**Assigned task:** Pictures stay out; everything else in the entries below is to be duplicated exactly.

○ ○ ○ ○ ○ ○ ○

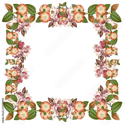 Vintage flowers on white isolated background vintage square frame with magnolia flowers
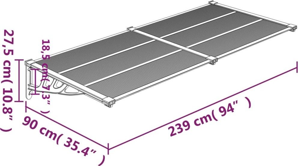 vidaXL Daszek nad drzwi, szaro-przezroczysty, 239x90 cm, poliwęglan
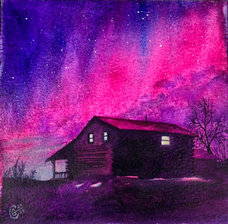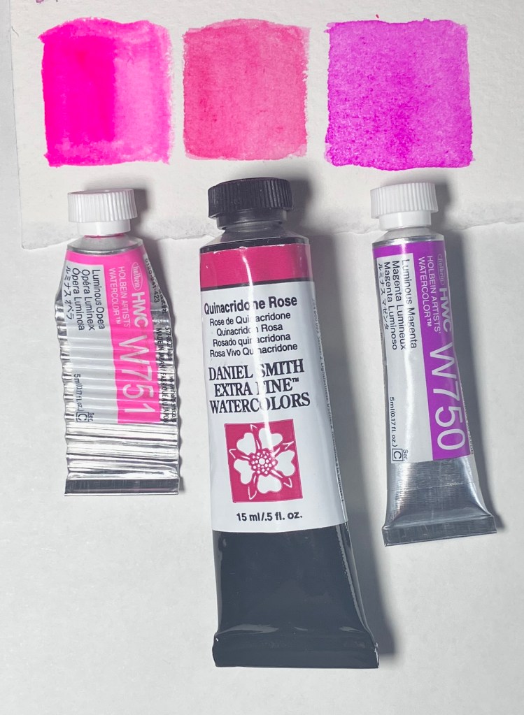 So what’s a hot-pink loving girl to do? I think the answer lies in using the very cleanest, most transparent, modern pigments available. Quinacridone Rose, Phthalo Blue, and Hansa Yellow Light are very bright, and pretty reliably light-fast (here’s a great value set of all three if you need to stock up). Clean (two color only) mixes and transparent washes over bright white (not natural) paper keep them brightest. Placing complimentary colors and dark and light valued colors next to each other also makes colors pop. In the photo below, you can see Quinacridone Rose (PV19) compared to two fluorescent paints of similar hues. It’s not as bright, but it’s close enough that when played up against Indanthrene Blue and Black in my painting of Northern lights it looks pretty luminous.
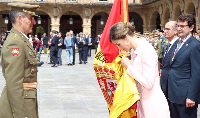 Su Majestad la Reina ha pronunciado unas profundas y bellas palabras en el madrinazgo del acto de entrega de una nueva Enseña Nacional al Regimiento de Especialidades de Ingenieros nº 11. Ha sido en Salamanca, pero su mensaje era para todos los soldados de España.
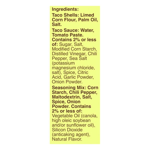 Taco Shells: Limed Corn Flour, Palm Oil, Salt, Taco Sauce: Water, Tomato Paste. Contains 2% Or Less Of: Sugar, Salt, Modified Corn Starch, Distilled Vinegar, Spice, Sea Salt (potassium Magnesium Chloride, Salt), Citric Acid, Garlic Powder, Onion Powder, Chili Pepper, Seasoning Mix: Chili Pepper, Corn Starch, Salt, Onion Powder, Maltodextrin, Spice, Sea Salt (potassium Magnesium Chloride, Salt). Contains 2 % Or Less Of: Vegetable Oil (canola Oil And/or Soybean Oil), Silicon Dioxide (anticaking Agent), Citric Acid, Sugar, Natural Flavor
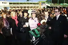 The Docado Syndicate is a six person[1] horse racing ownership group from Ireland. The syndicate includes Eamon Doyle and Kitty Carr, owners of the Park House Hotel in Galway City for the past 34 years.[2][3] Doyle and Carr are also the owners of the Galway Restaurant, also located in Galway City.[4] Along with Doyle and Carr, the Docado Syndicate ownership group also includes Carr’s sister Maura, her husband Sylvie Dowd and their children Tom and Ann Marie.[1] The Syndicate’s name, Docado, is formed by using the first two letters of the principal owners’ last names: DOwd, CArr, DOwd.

○ ○ ○ ○ ○ ○ ○

**Written answer:**
 Vintage flowers on white isolated background vintage square frame with magnolia flowers
 vidaXL Daszek nad drzwi, szaro-przezroczysty, 239x90 cm, poliwęglan
 So what’s a hot-pink loving girl to do? I think the answer lies in using the very cleanest, most transparent, modern pigments available. Quinacridone Rose, Phthalo Blue, and Hansa Yellow Light are very bright, and pretty reliably light-fast (here’s a great value set of all three if you need to stock up). Clean (two color only) mixes and transparent washes over bright white (not natural) paper keep them brightest. Placing complimentary colors and dark and light valued colors next to each other also makes colors pop. In the photo below, you can see Quinacridone Rose (PV19) compared to two fluorescent paints of similar hues. It’s not as bright, but it’s close enough that when played up against Indanthrene Blue and Black in my painting of Northern lights it looks pretty luminous.
 Su Majestad la Reina ha pronunciado unas profundas y bellas palabras en el madrinazgo del acto de entrega de una nueva Enseña Nacional al Regimiento de Especialidades de Ingenieros nº 11. Ha sido en Salamanca, pero su mensaje era para todos los soldados de España.
 Taco Shells: Limed Corn Flour, Palm Oil, Salt, Taco Sauce: Water, Tomato Paste. Contains 2% Or Less Of: Sugar, Salt, Modified Corn Starch, Distilled Vinegar, Spice, Sea Salt (potassium Magnesium Chloride, Salt), Citric Acid, Garlic Powder, Onion Powder, Chili Pepper, Seasoning Mix: Chili Pepper, Corn Starch, Salt, Onion Powder, Maltodextrin, Spice, Sea Salt (potassium Magnesium Chloride, Salt). Contains 2 % Or Less Of: Vegetable Oil (canola Oil And/or Soybean Oil), Silicon Dioxide (anticaking Agent), Citric Acid, Sugar, Natural Flavor
 The Docado Syndicate is a six person[1] horse racing ownership group from Ireland. The syndicate includes Eamon Doyle and Kitty Carr, owners of the Park House Hotel in Galway City for the past 34 years.[2][3] Doyle and Carr are also the owners of the Galway Restaurant, also located in Galway City.[4] Along with Doyle and Carr, the Docado Syndicate ownership group also includes Carr’s sister Maura, her husband Sylvie Dowd and their children Tom and Ann Marie.[1] The Syndicate’s name, Docado, is formed by using the first two letters of the principal owners’ last names: DOwd, CArr, DOwd.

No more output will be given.